Anomaly Detection for Time Series using Diffusion Approaches

From ISLAB/CAISR
Title Anomaly Detection for Time Series using Diffusion Approaches
Summary Development of Anomaly Detection techniques based on diffusion models (instead of autoencoders) for time series data
Keywords
TimeFrame Fall 2024
References
Prerequisites
Author
Supervisor Sławomir Nowaczyk & TBD
Level Master
Status Open


Anomaly Detection (AD) is one of the key tasks in Artificial Intelligence (AI), particularly important in industrial settings where data from machines and processes needs to be monitored to ensure safety and efficiency. AD is particularly challenging for time series data, where trends and timing relations within sensor readings are key information sources to be exploited.

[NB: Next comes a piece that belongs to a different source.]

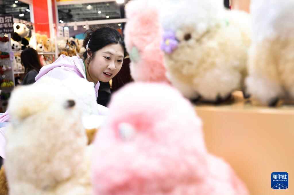 11月8日,在第八届进博会消费品展区,参观者在秘鲁温暖驼品牌的羊驼毛制品前驻足观看。

Many “classical” AD techniques are not useable without extensive feature engineering, which is time-consuming and error-prone – especially for multivariate data. On the contrary, recent AI progress is mainly driven by the benefits of end-to-end solutions.

Current time series AD state-of-the-art are various techniques based on autoencoders (AEs), where reconstruction error is used as an anomaly score. In this project, we propose to use diffusion models instead. While most successful for images, diffusion models have several critical characteristics that hold great promise for time series data.

One of the key characteristics of time series data is the importance of different time scales, or granularities – both small details in the near vicinity of the time point in question are important, as well as the overall long-term trends and big-picture patterns. Autoencoders inherently lack the capability to handle that – and while some attempts are made to deal with those issues (for example, hierarchical RNNs, and, to some degree, transformer-based architectures), they are typically rather ad hoc techniques – a well-founded general solution to this problem is lacking. As an example, Han et al. (2023) investigate different views of the original signals by reconstructing them from the different transformations to learn more comprehensive representations of normal patterns. Specifically, their method is based on self-supervised multi-transformation learning by jointly capturing the noise and filter transformation of the normal time series, which allows capturing the anomaly simultaneously in both transformation patterns.

Diffusion-based approaches promise to address many issues with modern AD approaches. They have a much stronger theoretical foundation in a probabilistic setting, so instead of considering reconstruction error, one can actually calculate (or, at least, approximate in a rigorous fashion) relevant conditional probabilities. This helps with both false positives and false negatives. Most importantly, though, the diffusion process inherently aligns well with the multi-scale nature of time series data. Detailed and context-specific patterns can be captured early in the diffusion process, as the amount of noise is low. The overall trends and long-term dependencies can be captured in the late diffusion stages when the increased noise leaves out only the key skeleton of the time series by abstracting away the finer details. While AEs are generative models, they belong to the “single ground truth” family, i.e., one where an input is mapped to a single output. The anomaly detection task, however, is inherently better suited for Energy-Based Models (EBMs), cf LeCun et al. (2006), which address the partition function problem. Unlike AEs, diffusion-based models can be seen as ways to measure the compatibility between an observed variable X and a variable to be predicted Y through an energy function E(Y;X).